| Top | Definitions | Samples | Notes | Release | Disclaimer |
Filo is a command-line Java program written by Michael Charleston and Katherine Holt at the School of IT, University of Sydney, distributed free of charge and with no warranty whatsoever. It was partly funded by a Discovery Project awarded by the Australian Research Council (DP0770991) and we are very grateful to the ARC for their support. It is designed to be used to simulate (molecular) sequence data used in phylogenetic analyses under very general conditions, including:
Filo can be run using either entirely command-line arguments or using input file(s).
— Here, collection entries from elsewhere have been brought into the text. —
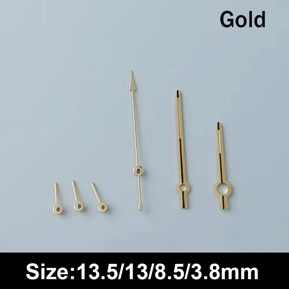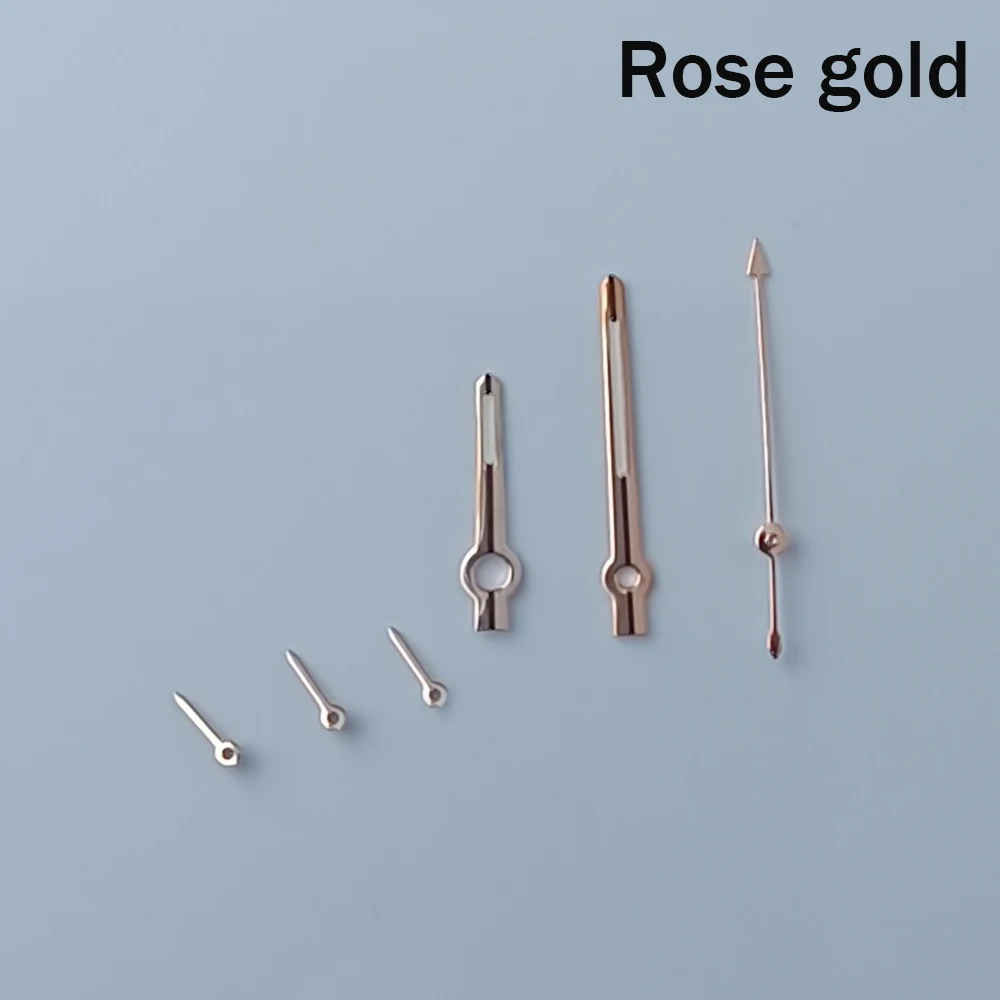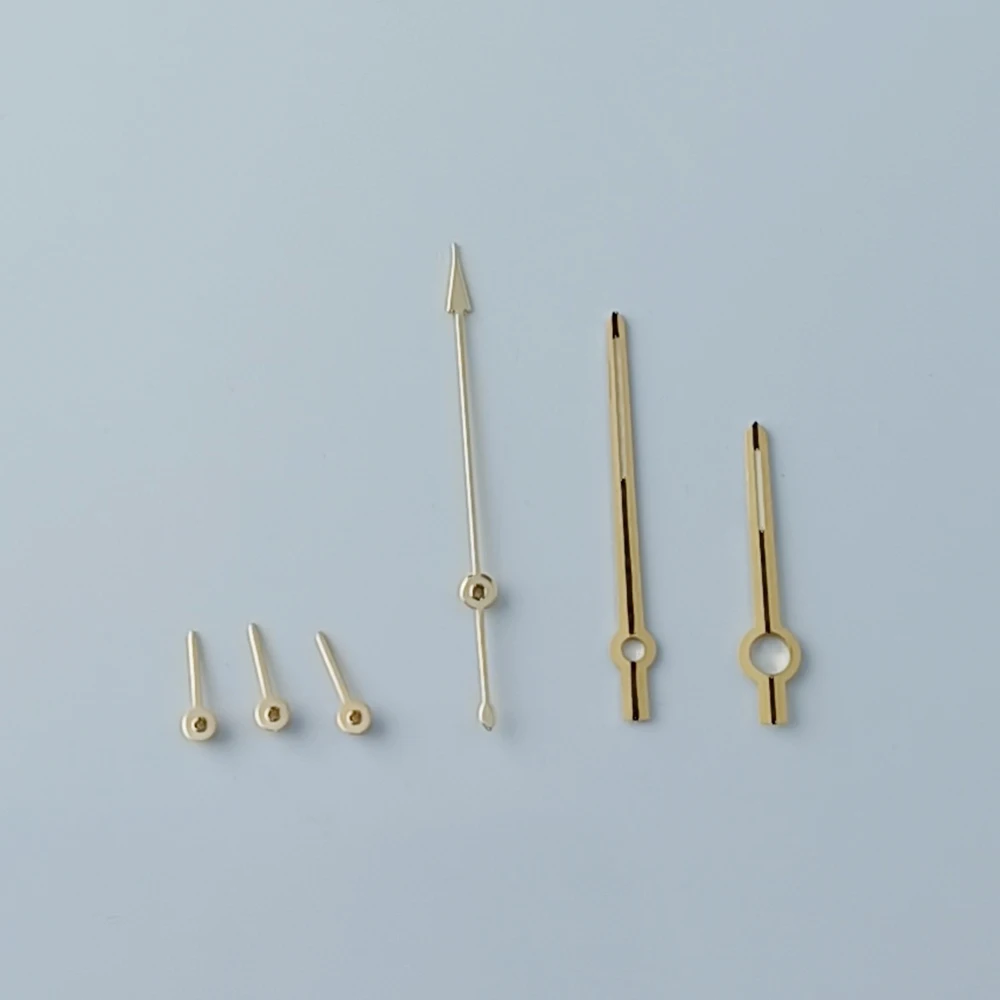 This set of watch hands is specifically designed for VK63 and VK64 quartz movement watches, featuring a polished metallic finish that ensures a sleek and modern look. The set includes five distinct hands arranged in increasing size, with the first three being shorter and tapering to pointed ends. Additionally, one hand is thicker with a circular cutout, while the longest hand is thin and pointed, ideal for seconds. Available colors include 3 gold, 9 white blue, 1 silvery, 8 white orange, 2 rose gold, 5 gold, 4 silvery, 7 white, 6 rose gold, 13 gold, 12 silvery, 11 higher rose gold, and 10 higher gold.
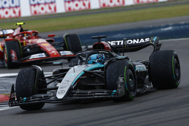 - Der anfängliche Regen kam und ging, bevor ein weiterer Regenschauer einen Wechsel auf die Intermediate-Reifen erforderlich machte. Das Team holte beide Fahrer gleichzeitig an die Box, wonach Lewis und George auf den Plätzen zwei und vier wieder auf die Strecke gingen.
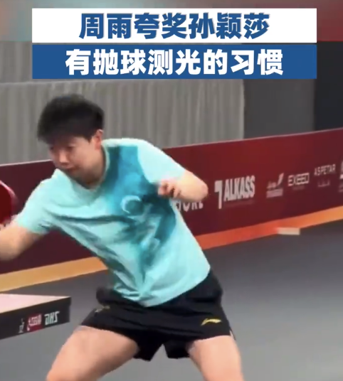 周雨回应称:对此大家不用过于担心,国乒成都封闭训练时已经进行了红球台适应训练。而且莎莎也有一个好习惯,每到一边场地的时候,都会把球抛起来测试光线,很多运动员也都有这个习惯。
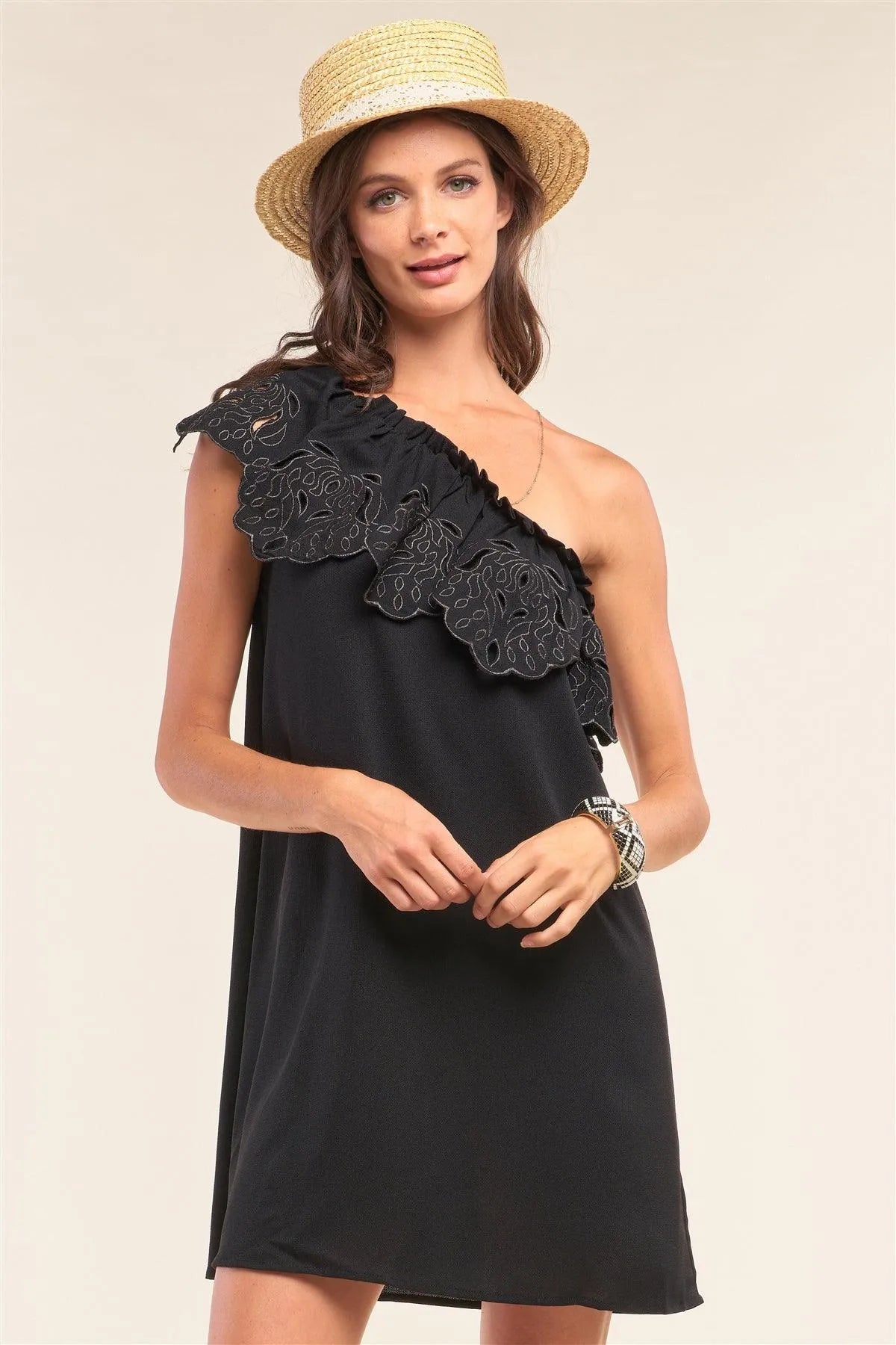 Black One-Shoulder Flare Hem Eyelet Embroidery Detail Sleeveless Relaxed Fit Mini Dress /1-2-2-1
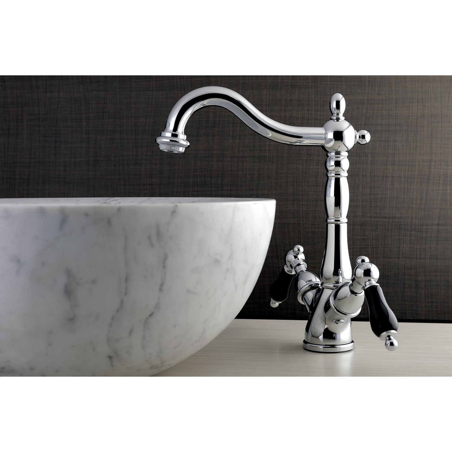 Crafted in commendations to English nobility, the exemplary design of this faucet manifests regality and elegance with its black porcelain handles. Kingston Brass vessel sink faucets perfectly complement the exquisite artistry of vessel sinks. Designed to handle the extra clearance needed for pairing with a vessel sink, this faucet boasts 8-1/4 inch of spout clearance. The Duchess Vessel Sink Faucet and its featured sturdy brass construction and premium polished chrome finish are guaranteed to glamorize your home's traditional ensemble for years to come. Glamorize your home today with the traditional elegance of this faucet.
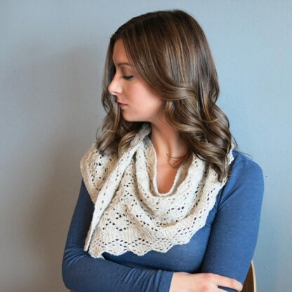 Kikyo means Campanula in Japanese. The pattern is designed to use one skein of fingering weight yarn. It is very easy to adjust to any yarn. The shape of the scarf is an asymmetrical triangle, formed by rows that get longer on only one side.
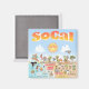 Une scène lumineuse et colorée offre une vue spectaculaire de la Californie du Sud - personnages farfelus sur la plage et le désert de SoCal présentant les parcs de Los Angeles, San Diego, Orange County, Père Noël Barbara, Riverside, Palm Springs, Palm Desert, El Centro et Anza Borrego et Joshua Tree ainsi que les villes frontalières de Tijuana, Tecate et Mexicali. Cette scène pleine de charme a tout - un surfeur pend dix tandis qu'un orque saute de l'eau, des animaux de zoo accueillent les touristes, un couple de plage musclé à flex pour impressionner comme un T-Rex rugit un défi et un réservoir se met en position et bien plus encore...
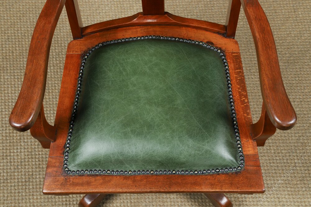 Arts & Crafts Revolving Beech & Leather Desk Chair
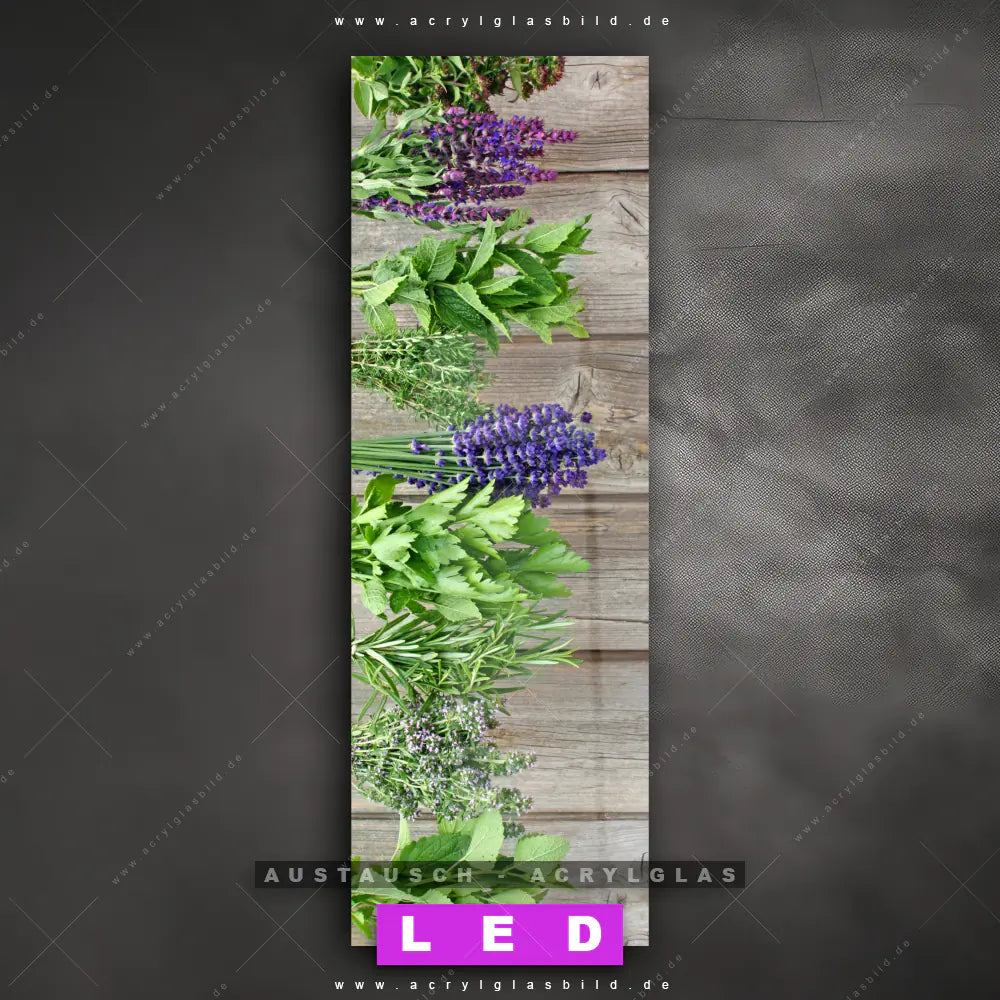 Wechsel-Acrylglas Canvalight® DIA | Frische Kräuter an Holzstange | Schmal
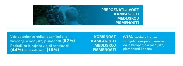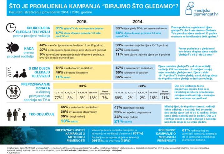 Istraživanje o navikama gledanja televizije kod djece u Hrvatskoj, koje je u studenome ove godine ponovila agencija Ipsos Puls nakon provedbe kampanje o medijskoj pismenosti, ukazuje na promjene u tome kako djeca i roditelji gledaju televiziju. Većina djece televizijski program prati u društvu obitelji, a svega 11% njih pred ekranom je samo. Prije samo dvije godine svako treće dijete program je pratilo bez nadzora odrasle osobe. Gotovo svi roditelji, odnosno njih 93%, prepoznaju oznake za dobnu primjerenost sadržaja na televiziji i znaju čemu one služe. Prilikom odlučivanja o tome što dijete smije gledati, roditeljima je najvažnija primjerenost sadržaja, a 67% roditelja kampanju o medijskoj pismenosti smatra korisnom.
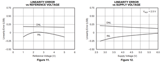 Additionally, I'm curious about the linearity error difference between Figure 11 and Figure 12 with the same combination for example VDD=5V, VREF=2.5V. Isn't it reproducible?
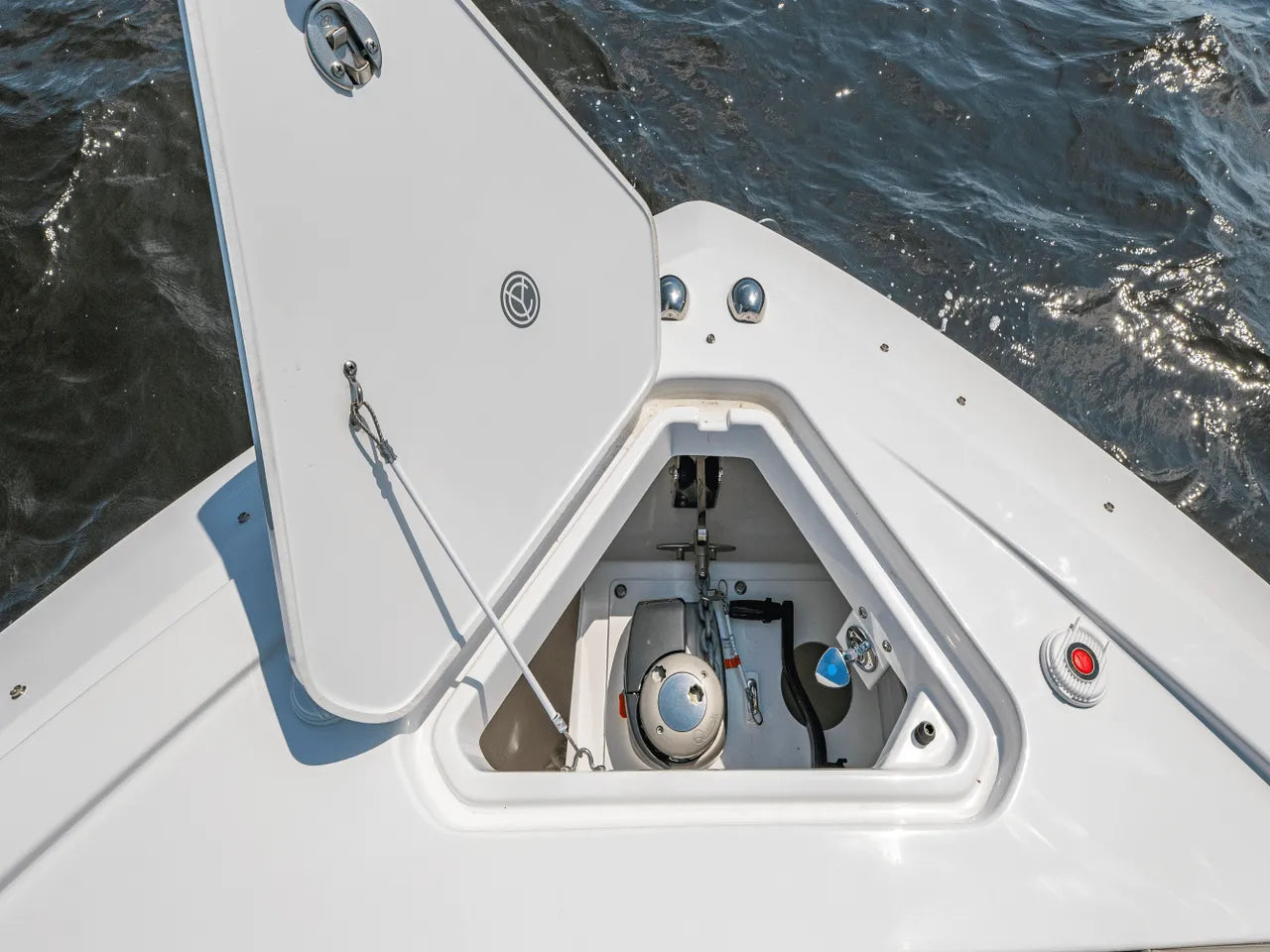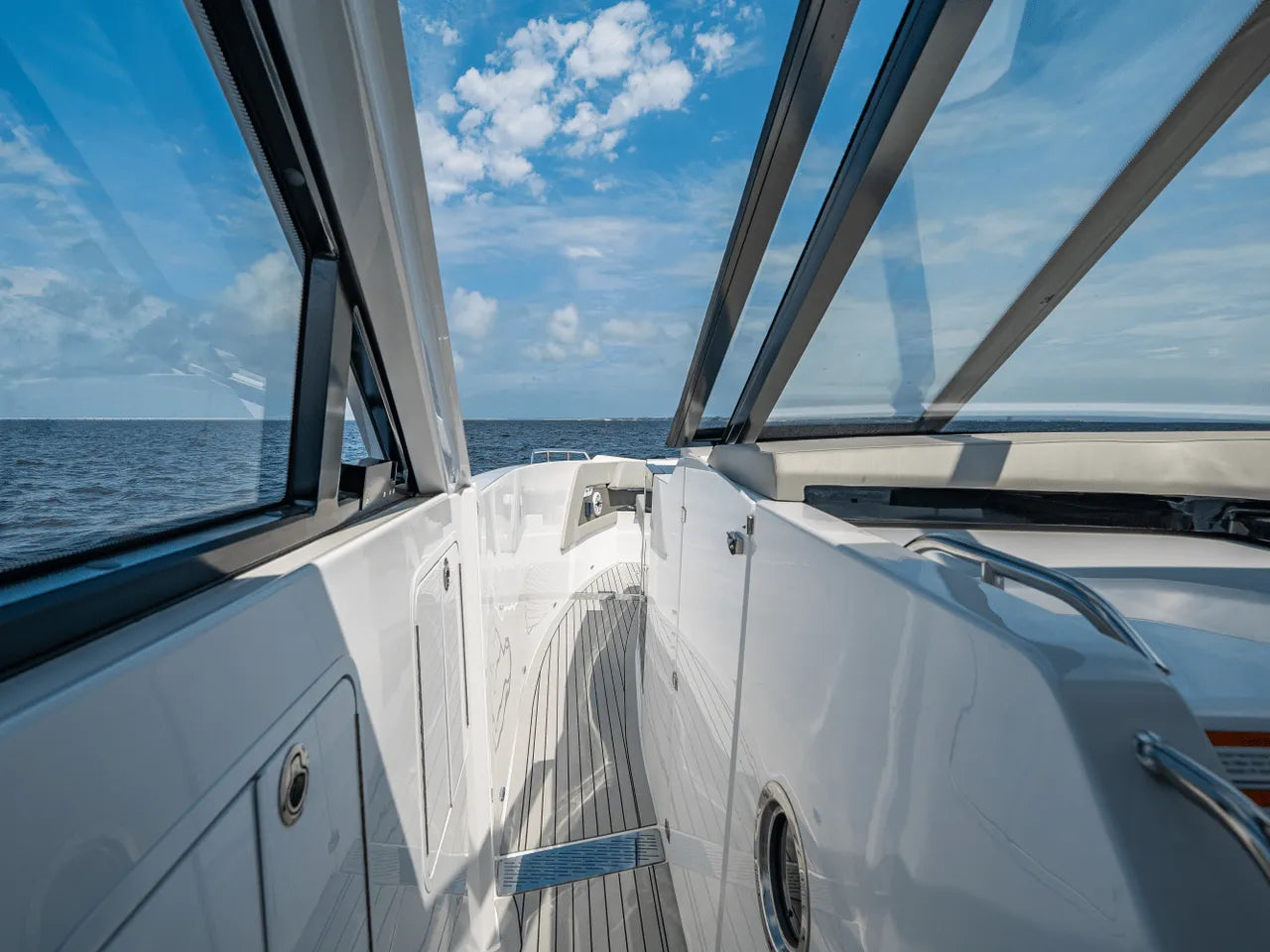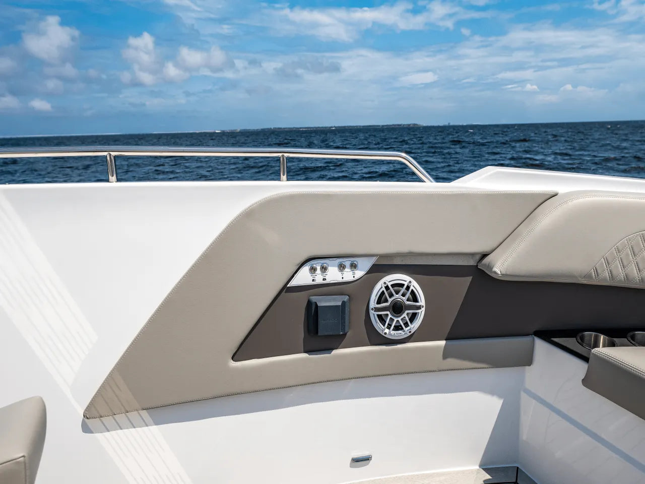 - Advanced Navigation: Navigate with confidence using the Joystick Piloting system, which makes docking and close-quarters maneuvering effortless. The helm is fully equipped with a Simrad Radar and a Simrad VHF Radio for enhanced safety and communication.

Using the command-line is a bit more restrictive because it just gets too awkward to write a huge great set of arguments when you can put them into an input file in a more easily read way. The input file uses a simple syntax that is consistent with the NEXUS format, and uses a "Filo" block.
Filo can be used to run many simulations in batches. The input file can be thought of as a script of commands that are run in order. The idea is that you can define models to use very generally on any part of a tree, including branch lengths of course, and different matrices on each branch, different indel rates, and by combining trees with their own sets of parameters. The parameters are grouped into general, tree and branch parameters.
| Top | Definitions | Samples | Notes | Release | Disclaimer |
(alphabet | -a) {
( '<' ( "DNA" | "nucleotide"
| "RNA"
| "aminoacids" | "aa"
| "bin" | "binary" ) ,
<string>
where
( "p" | "pi" | "baseFreq" ) <doubleArray>The above defines the base frequencies used at the base of a tree. By default these are uniform, so if you are using 4 states (as with nucleotides) the base frequencies will be 0.25, 0.25, 0.25, 0.25.
( "birthrate" | "birth" ) <real>This defines the birth rate per unit time of each lineage in the tree bifurcating into two lineages, as used in the Markov / Yule model of tree growth. By default this is 1. See also deathRate.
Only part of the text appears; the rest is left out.